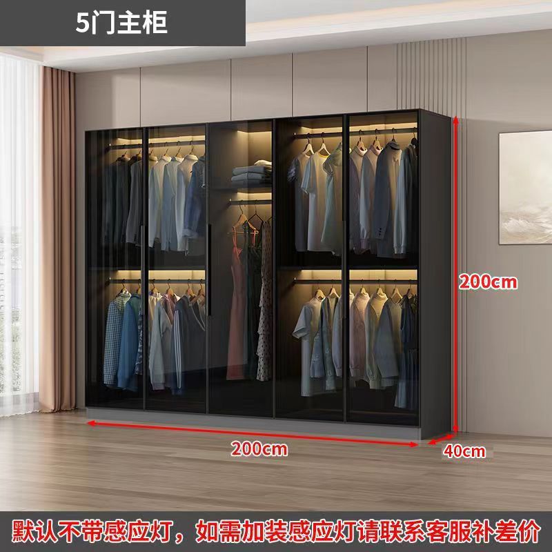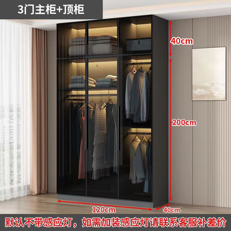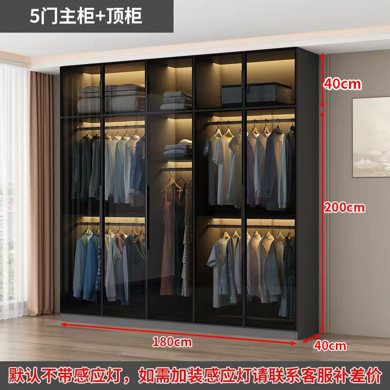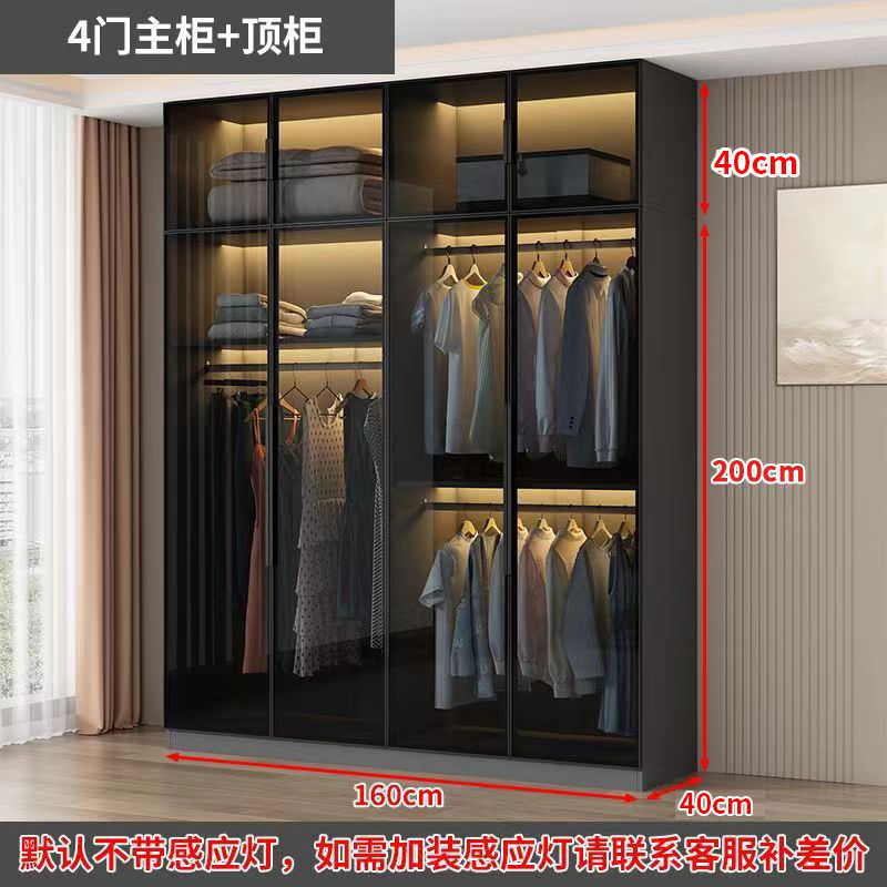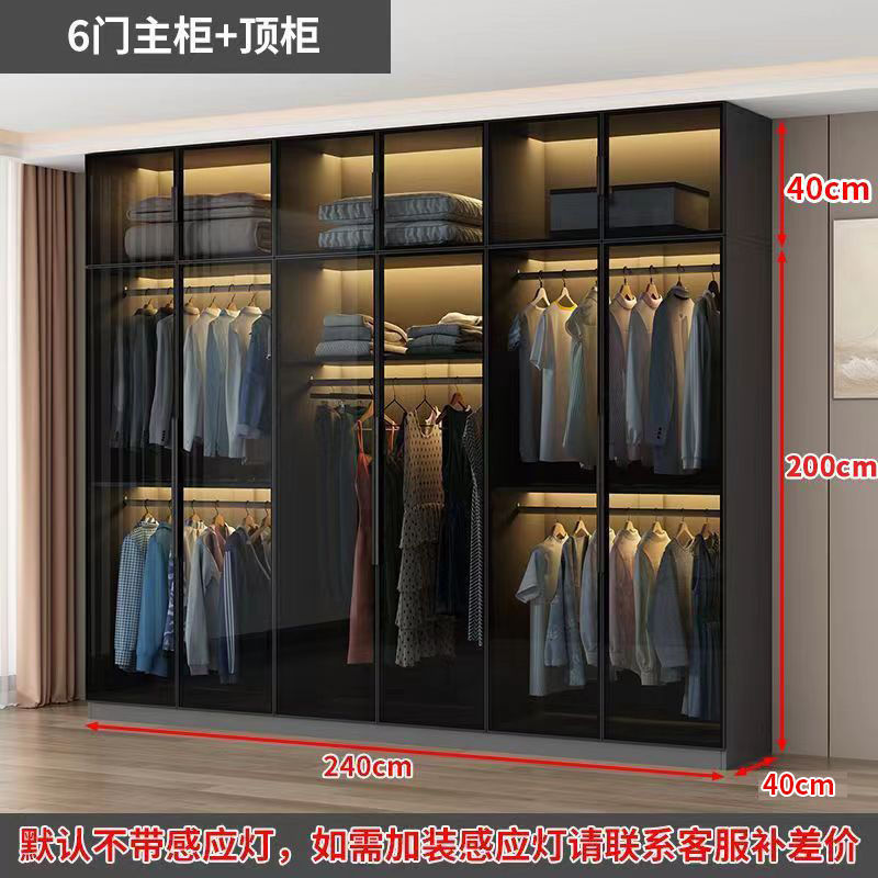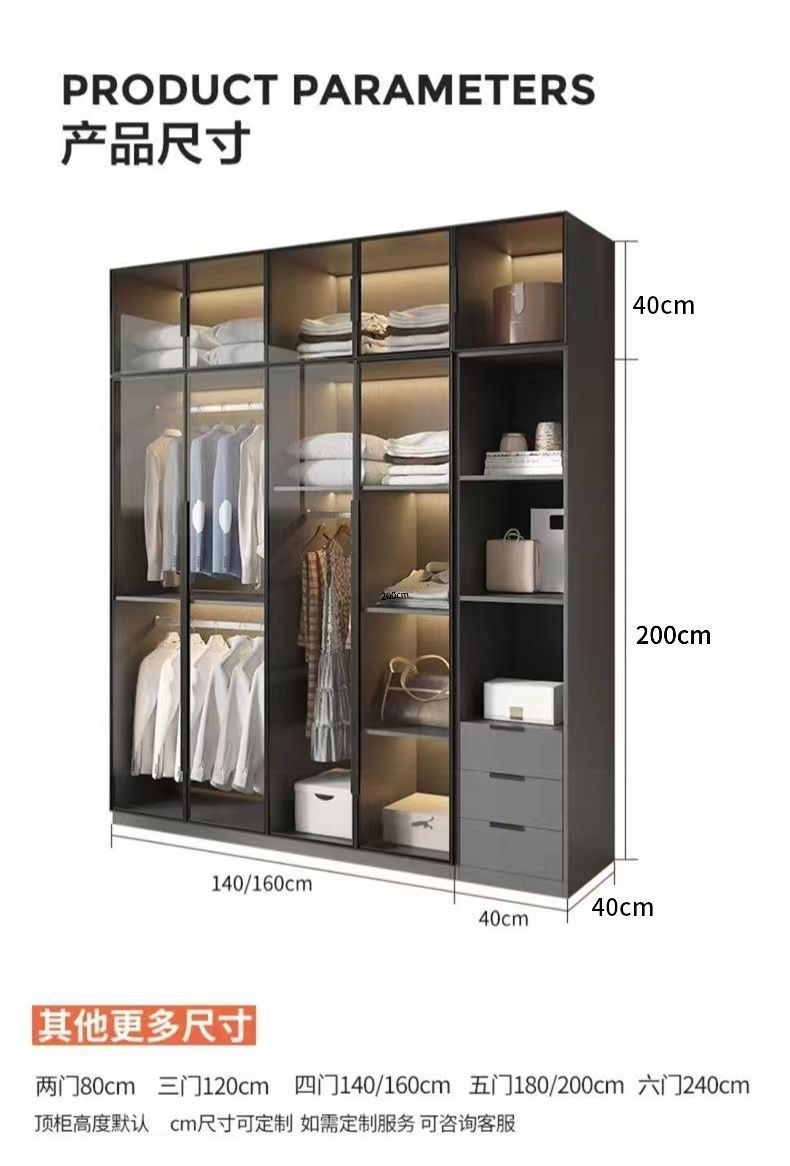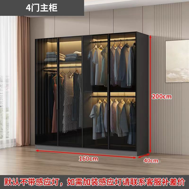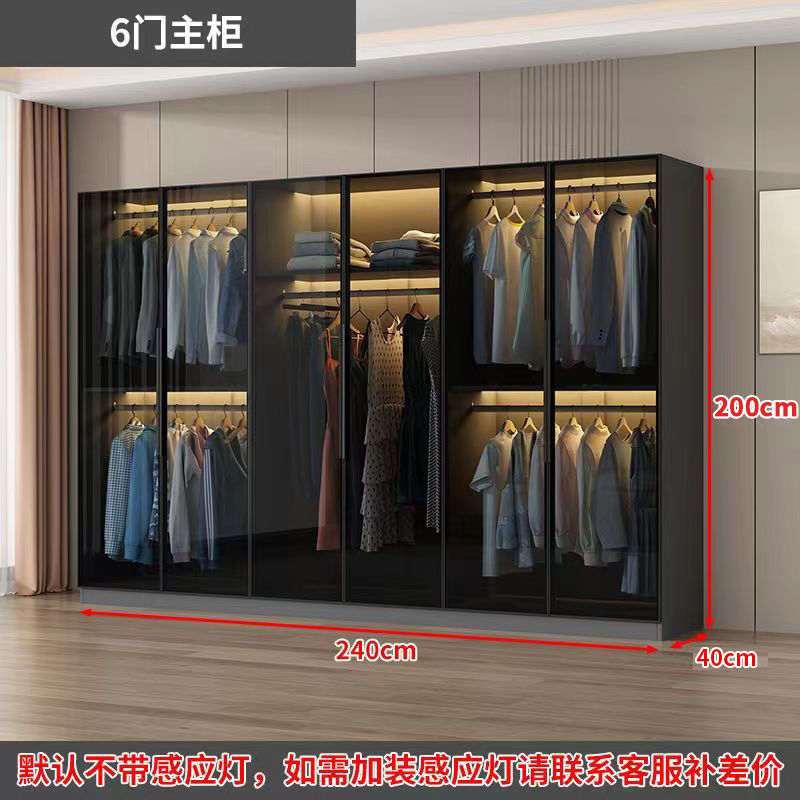 가벼운 고급 옷장 홈 침실 옷걸이 유리 문 두 배 문 옷장 유럽식 보관 망토 유리 캐비닛
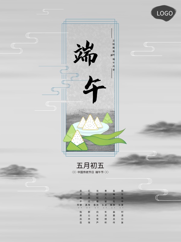 五月初五简约中国风端午节日宣传手机海报
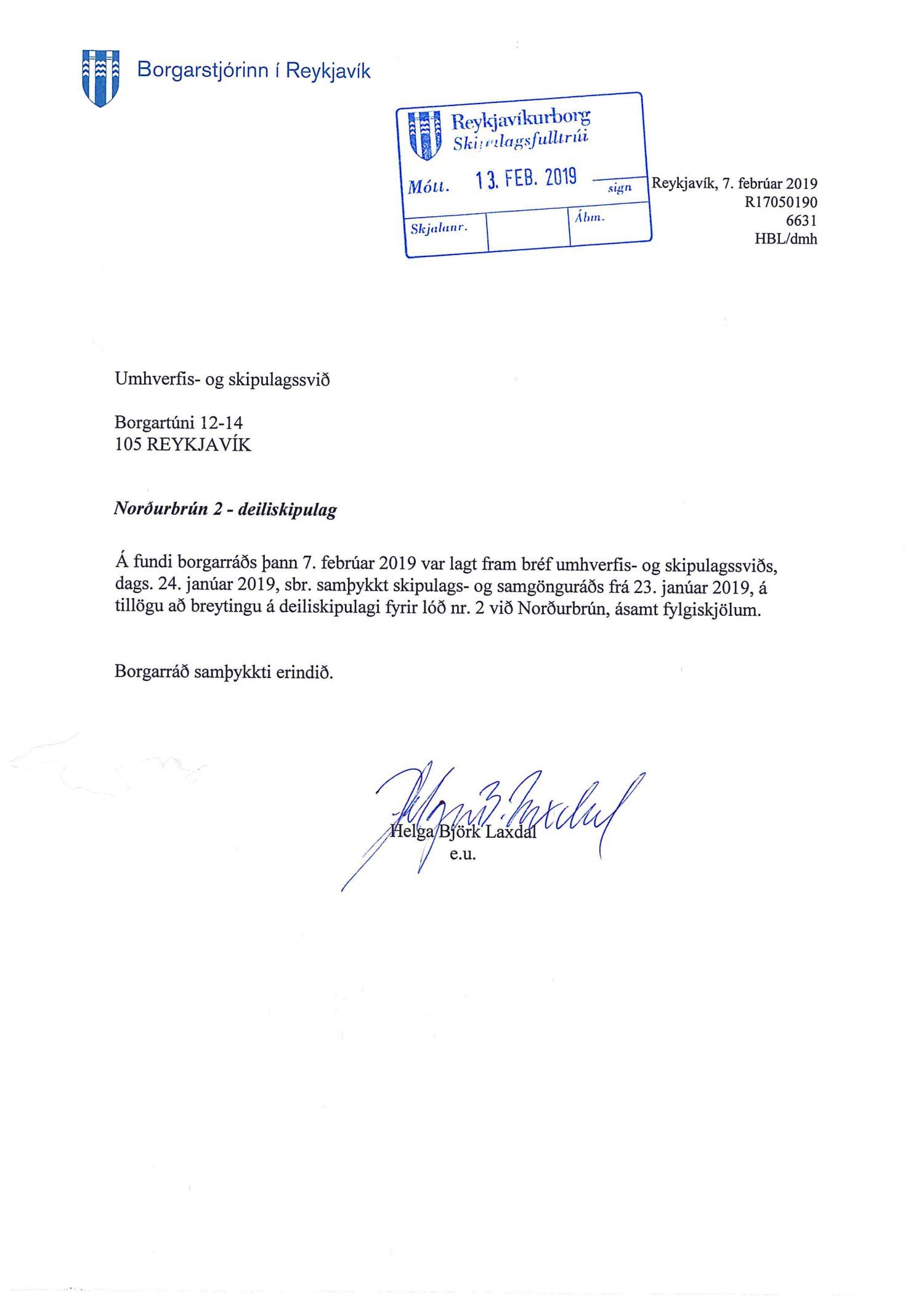 Lagt fram bréf borgarstjóra dags. 7. febrúar um samþykki borgarráðs s.d. vegna samþykkis á tillögu að breytingu á deiliskipulagi fyrir lóð nr. 2 við Norðurbrún.
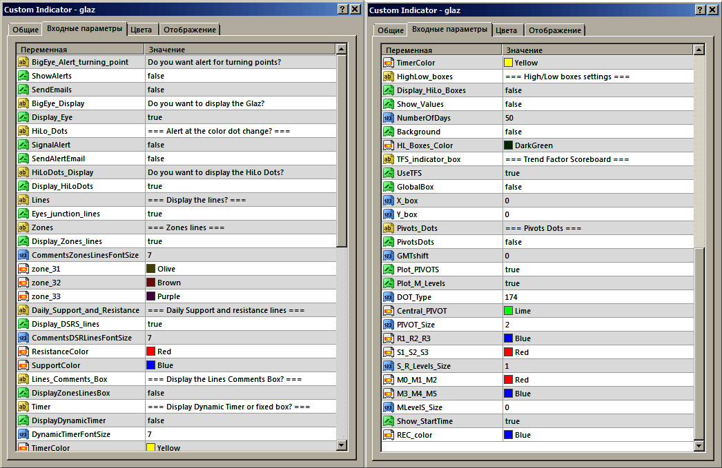 Расчетных параметров для корректировки пользователям в окне настройки не предлагается. То есть индикатор используется в режиме «as is» (как есть) − что прописано в алгоритме, тем и пользуемся, независимо от таймфрейма, актива, волатильности и прочих условий. Если формула расчета не вызывает у вас доверия, то и замечательный Форекс Глаз вам не нужен.
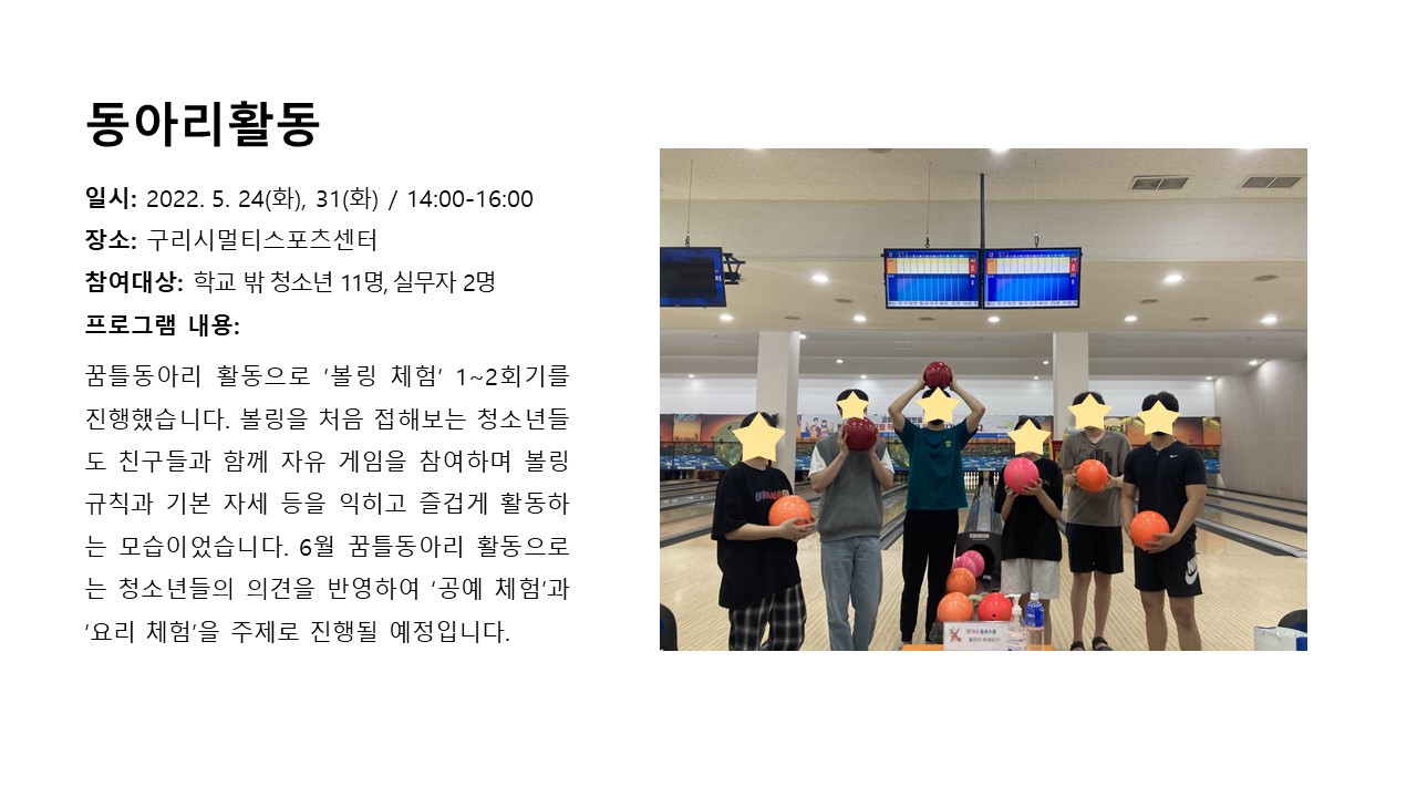2022년 5월 동아리활동 (학교밖) 작성자 관리자 등록일자 2022년 6월 10일 15시 41분 52초 조회 493 동아리활동.JPG [ Size : 147.64KB , Down : 394 ] 미리보기 다운로드 목록보기
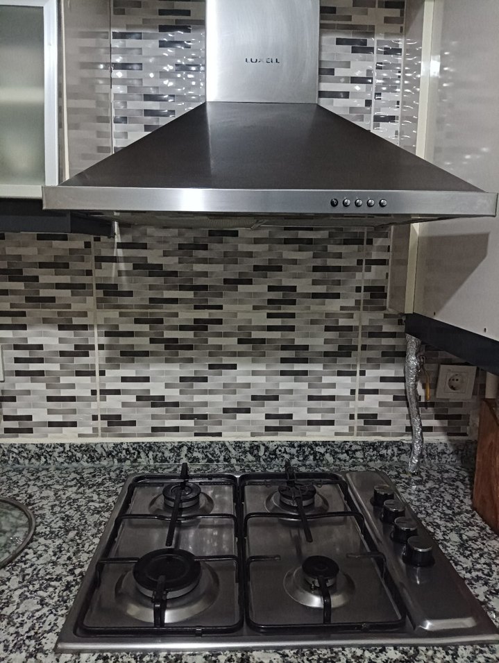 Bu mutfak setinde gri davlumbaz ve dört gözlü gaz ocağı bulunur. Davlumbazda kullanım için düğmeler yer alır.
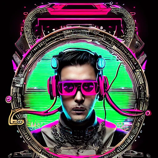nft style, cyberpunk, synthwave, tarot card with intricate detailed frame around the outside | with cyberglasses neon, and earphone, dj sound, futuristic, gold, diamond, side profile of cyberpunk body with cyborg skull | cyberpunk | styled in Art Nouveau | insanely detailed | embellishments | high definition | concept art | digital art | vibrant, hyperdetailed, intricate, kaleidoscope, extremely beautiful, ranking ligth, cinematic lighting, photo realistic, white background max detail, ranking ligth, cinematic lighting, photo realistic, by mandy jurgens, moebus, jon foster, alphonse mucha, glazing, pablo picasso, pinot noir, chiaroscuro, leonardo da vinci, Michelangelo, 8k
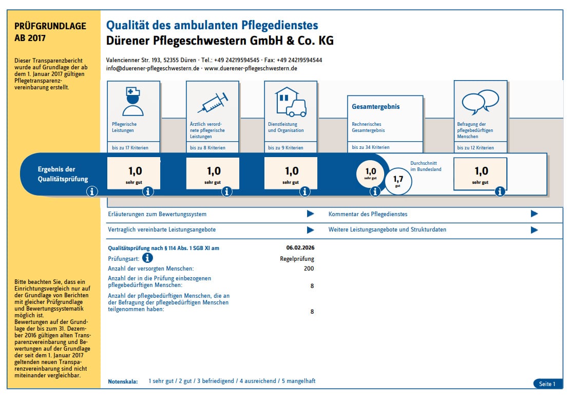 Transparenz und Qualität sind uns besonders wichtig. Deshalb stellen wir Ihnen hier den Transparenzbericht des MD (Medizinischer Dienst Nordrhein) unseres Pflegedienstes zu Verfügung. Der Bericht gibt Ihnen einen detaillierten Einblick in die Qualität unserer Pflegeleistungen und zeigt, wie wir kontinuierlich an der Verbesserung unserer Standards arbeiten. Wir sind stolz darauf, dass der Medizinischer Dienst unseren Pflegedienst nach höchsten Standards bewertet hat.
===
## Task prompt:
Produce the lines from the first line of the entries through the line that contains "Bu mutfak setinde", exactly, leaving the pictures behind.

## Answer to this exercise:
 가벼운 고급 옷장 홈 침실 옷걸이 유리 문 두 배 문 옷장 유럽식 보관 망토 유리 캐비닛
 五月初五简约中国风端午节日宣传手机海报
 Lagt fram bréf borgarstjóra dags. 7. febrúar um samþykki borgarráðs s.d. vegna samþykkis á tillögu að breytingu á deiliskipulagi fyrir lóð nr. 2 við Norðurbrún.
 Расчетных параметров для корректировки пользователям в окне настройки не предлагается. То есть индикатор используется в режиме «as is» (как есть) − что прописано в алгоритме, тем и пользуемся, независимо от таймфрейма, актива, волатильности и прочих условий. Если формула расчета не вызывает у вас доверия, то и замечательный Форекс Глаз вам не нужен.
2022년 5월 동아리활동 (학교밖) 작성자 관리자 등록일자 2022년 6월 10일 15시 41분 52초 조회 493 동아리활동.JPG [ Size : 147.64KB , Down : 394 ] 미리보기 다운로드 목록보기
 Bu mutfak setinde gri davlumbaz ve dört gözlü gaz ocağı bulunur. Davlumbazda kullanım için düğmeler yer alır.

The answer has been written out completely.